Records drawn from a dataset
- - -

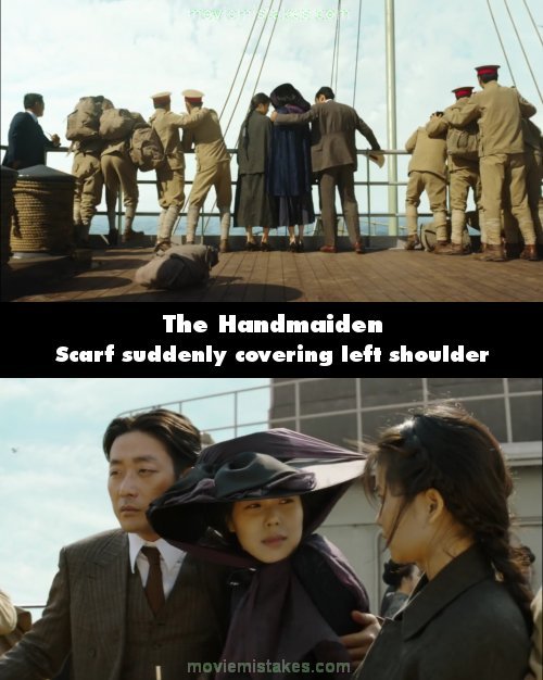 Continuity mistake: On the ferry to Shimonoseki, as Hideko becomes upset by a group of cheering soldiers, Fujiwara puts his hand around her left shoulder to console her. In the shot from behind, the part of Hideko's scarf covering the back of her neck is shown blowing in the wind in the opposite direction, as Fujiwara puts his hand on her. When the shot cuts, the scarf is suddenly covering the back of her left shoulder. (00:54:45)
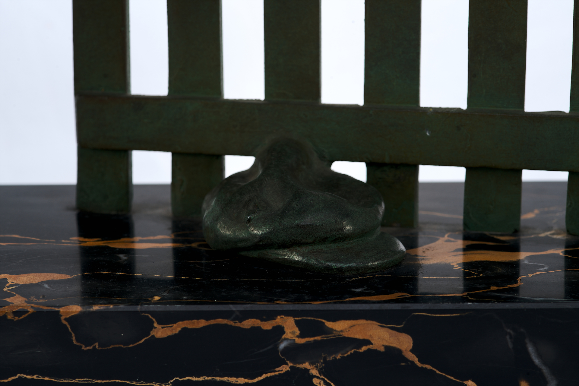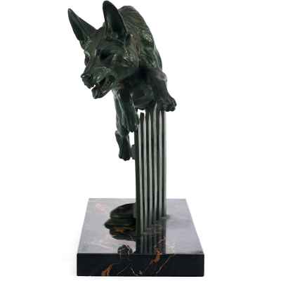 Фигура овчарки изображена в динамике: собака преодолевает деревянный забор, что создаёт ощущение стремительного движения. Проработка анатомических деталей, изгиб корпуса, вытянутые лапы и обострённое выражение головы свидетельствуют о высоком уровне мастерства автора. Композиция передаёт не только физическое усилие, но и внутреннюю собранность животного, что характерно для ар-деко, стремящегося к гармонии между стилизацией и выразительностью формы.
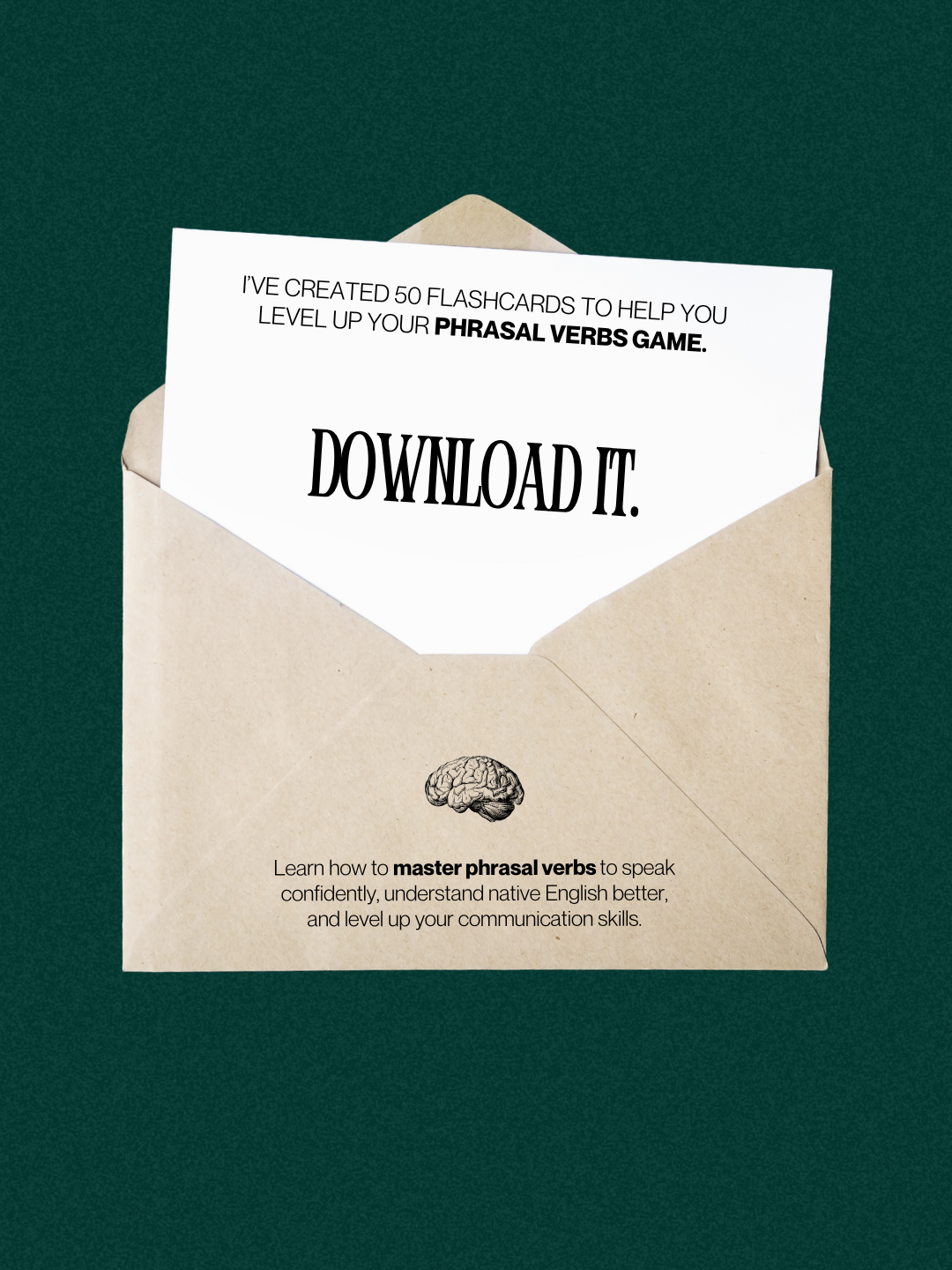 These 50 phrasal verb flashcards were created to make learning English fun, simple, and memorable. Each card gives you a useful phrasal verb, an easy explanation, and an example you can actually use in real life, perfect for leveling up your English anytime, anywhere.
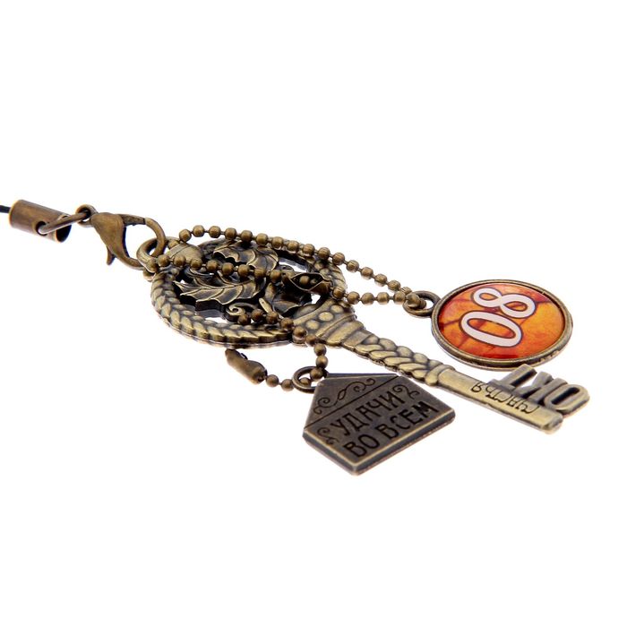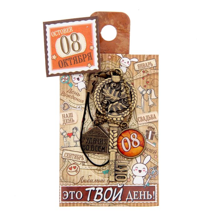 На ключике указан день и месяц, а на стержне красуется надпись «Счастья» и висит брелок с пожеланиями.
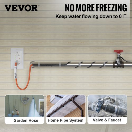 VEVOR Self-Regulating Pipe Heating Cable, 3FT 5W/FT Heat Tape for Pipes Freeze Protection, Water Pipe Heat Cable with Built-in Thermostat Protects PVC Hose, Metal and Plastic Pipe from Freezing
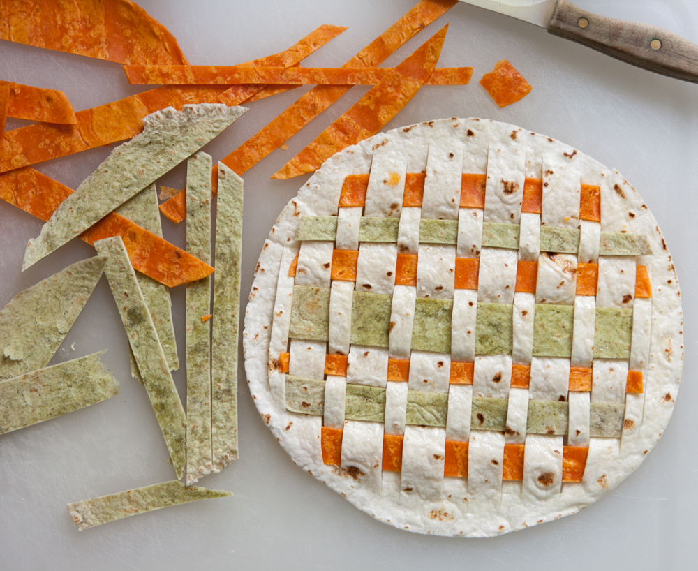 While the soup is simmering, make the Chip Dip Dumplings. Whisk together 3 cups flour, 5 tsp baking powder and 1/4 tsp salt in a bowl. Cut 1/4 cup unsalted butter and 1/4 cup shortening into the dry ingredients until crumbly.
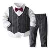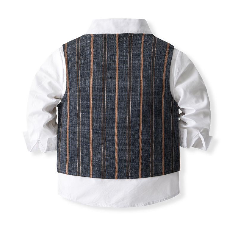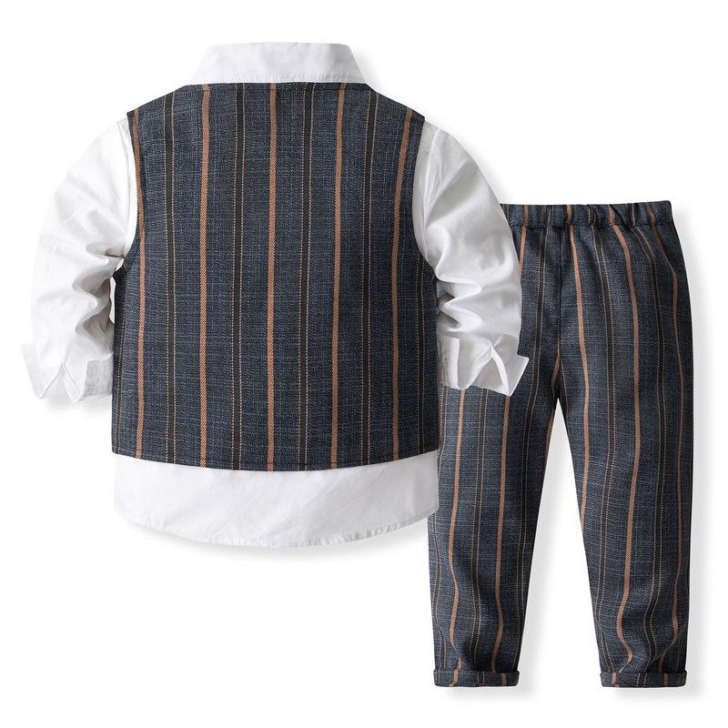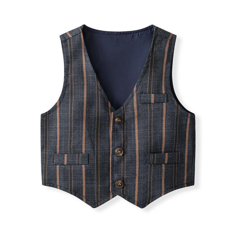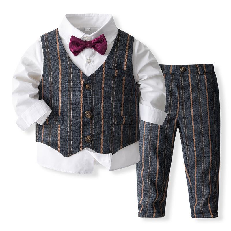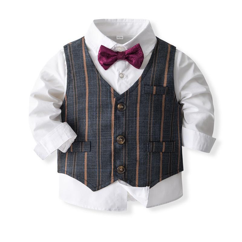 Chaleco de rayas para niños, traje pequeño, estilo británico, para niño y niña de las flores, traje de manga larga, traje pequeño para bebé de un año
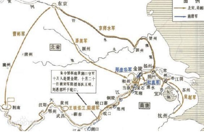 ▲宋灭南唐之战 虽然宋军在长江南岸占领了许多城池,但水军未必能阻挡鄱阳湖的朱令赟水军南下驰援金陵。然而在赵匡胤的正确战略牵制下,朱令赟迟迟不敢行动,直到润州丢失之后,才率水军数万,号称十五万入援。宋将王明望之生畏,急报赵匡胤,要求尽快制造大船,抵抗南唐水军。但就在这时,赵匡胤展示出了过人的战略指挥能力,判断出现在造船远远来不及,朱令赟部行动迅捷突然,己方水师未曾全面集结,不是朱令赟对手,一旦朱令赟到达金陵城下,金陵之围将被解。于是赵匡胤亲自命令王明在洲浦之间多立长木,如同船帆、桅杆一般,朱令赟怀疑有埋伏,因此逗留多日,失去了宝贵的时间。不然,朱令赟很有可能将分散在江面上巡弋的北宋水军各个击破。
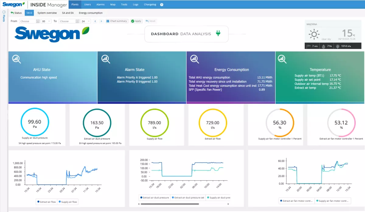 - Access to your plant on the go via the Swegon INSIDE Manager App (iOS & Android)
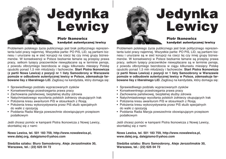 Jedynka Lewicy Jedynka Lewicy Piotr Ikonowicz Piotr Ikonowicz kandydat autentycznej lewicy kandydat autentycznej lewicy Problemem polskiego ˝ycia publicznego jest brak politycznego reprezentanta ludzi pracy najemnej. Wszystkie partie: PO PiS, LiD, sà partiami biznesu i unurzane sà w sieç korupcji na rzecz tej czy innej grupy biznesmenów. W konsekwencji w Polsce bezkarnie ∏amane sà przepisy prawa pracy, setkom tysi´cy pracowników niewyp∏acane sà w terminie pensje, z powodu olbrzymiego bezrobocia w ciàgu kilkunastu miesi´cy Polsk´ opuÊci∏o ponad 1,5 mln m∏odzie˝y i fachowców. Start Piotra Ikonowicza (z partii Nowa Lewica) z pozycji nr 1 listy Samoobrony w Warszawie pomo˝e w odbudowie autentycznej lewicy w Polsce, zdemaskuje farbowane lisy z liberalnego LiD. Zag∏osuj na kandydata, który domaga si´: Problemem polskiego ˝ycia publicznego jest brak politycznego reprezentanta ludzi pracy najemnej. Wszystkie partie: PO PiS, LiD, sà partiami biznesu i unurzane sà w sieç korupcji na rzecz tej czy innej grupy biznesmenów. W konsekwencji w Polsce bezkarnie ∏amane sà przepisy prawa pracy, setkom tysi´cy pracowników niewyp∏acane sà w terminie pensje, z powodu olbrzymiego bezrobocia w ciàgu kilkunastu miesi´cy Polsk´ opuÊci∏o ponad 1,5 mln m∏odzie˝y i fachowców. Start Piotra Ikonowicza (z partii Nowa Lewica) z pozycji nr 1 listy Samoobrony w Warszawie pomo˝e w odbudowie autentycznej lewicy w Polsce, zdemaskuje farbowane lisy z liberalnego LiD. Zag∏osuj na kandydata, który domaga si´: • • • • • • Sprawiedliwego podzia∏u wypracowanych zysków Konsekwentnego przestrzegania prawa pracy Zachowania paƒstwowej, bezp∏atnej s∏u˝by zdrowia Natychmiastowego wycofania polskich ˝o∏nierzy okupujàcych Irak Po∏o˝enia kresu awanturom PiS w stosunkach z Rosjà Po∏o˝enia kresu wykorzystywania przez PiS s∏u˝b specjalnych do walki z opozycjà • Poddania Radia Maryja powszechnie obowiàzujàcym przepisom podatkowym • • • • • • JeÊli chcesz pomóc w kampanii Piotra Ikonowicza z Nowej Lewicy, skontaktuj si´ z nami: JeÊli chcesz pomóc w kampanii Piotra Ikonowicza z Nowej Lewicy, skontaktuj si´ z nami: Nowa Lewica, tel. 501 183 759, http://www.nowalewica.pl, www.dalej.org, [email protected] Nowa Lewica, tel. 501 183 759, http://www.nowalewica.pl, www.dalej.org, [email protected] Siedziba sztabu: Biuro Samoobrony, Aleje Jerozolimskie 30, Warszawa, tel.: (22) 625 04 72 Siedziba sztabu: Biuro Samoobrony, Aleje Jerozolimskie 30, Warszawa, tel.: (22) 625 04 72 Sprawiedliwego podzia∏u wypracowanych zysków Konsekwentnego przestrzegania prawa pracy Zachowania paƒstwowej, bezp∏atnej s∏u˝by zdrowia Natychmiastowego wycofania polskich ˝o∏nierzy okupujàcych Irak Po∏o˝enia kresu awanturom PiS w stosunkach z Rosjà Po∏o˝enia kresu wykorzystywania przez PiS s∏u˝b specjalnych do walki z opozycjà • Poddania Radia Maryja powszechnie obowiàzujàcym przepisom podatkowym

- - -

Aim of the exercise
Please copy the lines above exactly, starting at the line that holds "На ключике указан" and ending at the line that holds "- Access to"; include both, but no pictures.

Solution to this problem
 На ключике указан день и месяц, а на стержне красуется надпись «Счастья» и висит брелок с пожеланиями.
 VEVOR Self-Regulating Pipe Heating Cable, 3FT 5W/FT Heat Tape for Pipes Freeze Protection, Water Pipe Heat Cable with Built-in Thermostat Protects PVC Hose, Metal and Plastic Pipe from Freezing
 While the soup is simmering, make the Chip Dip Dumplings. Whisk together 3 cups flour, 5 tsp baking powder and 1/4 tsp salt in a bowl. Cut 1/4 cup unsalted butter and 1/4 cup shortening into the dry ingredients until crumbly.
 Chaleco de rayas para niños, traje pequeño, estilo británico, para niño y niña de las flores, traje de manga larga, traje pequeño para bebé de un año
 ▲宋灭南唐之战 虽然宋军在长江南岸占领了许多城池,但水军未必能阻挡鄱阳湖的朱令赟水军南下驰援金陵。然而在赵匡胤的正确战略牵制下,朱令赟迟迟不敢行动,直到润州丢失之后,才率水军数万,号称十五万入援。宋将王明望之生畏,急报赵匡胤,要求尽快制造大船,抵抗南唐水军。但就在这时,赵匡胤展示出了过人的战略指挥能力,判断出现在造船远远来不及,朱令赟部行动迅捷突然,己方水师未曾全面集结,不是朱令赟对手,一旦朱令赟到达金陵城下,金陵之围将被解。于是赵匡胤亲自命令王明在洲浦之间多立长木,如同船帆、桅杆一般,朱令赟怀疑有埋伏,因此逗留多日,失去了宝贵的时间。不然,朱令赟很有可能将分散在江面上巡弋的北宋水军各个击破。
 - Access to your plant on the go via the Swegon INSIDE Manager App (iOS & Android)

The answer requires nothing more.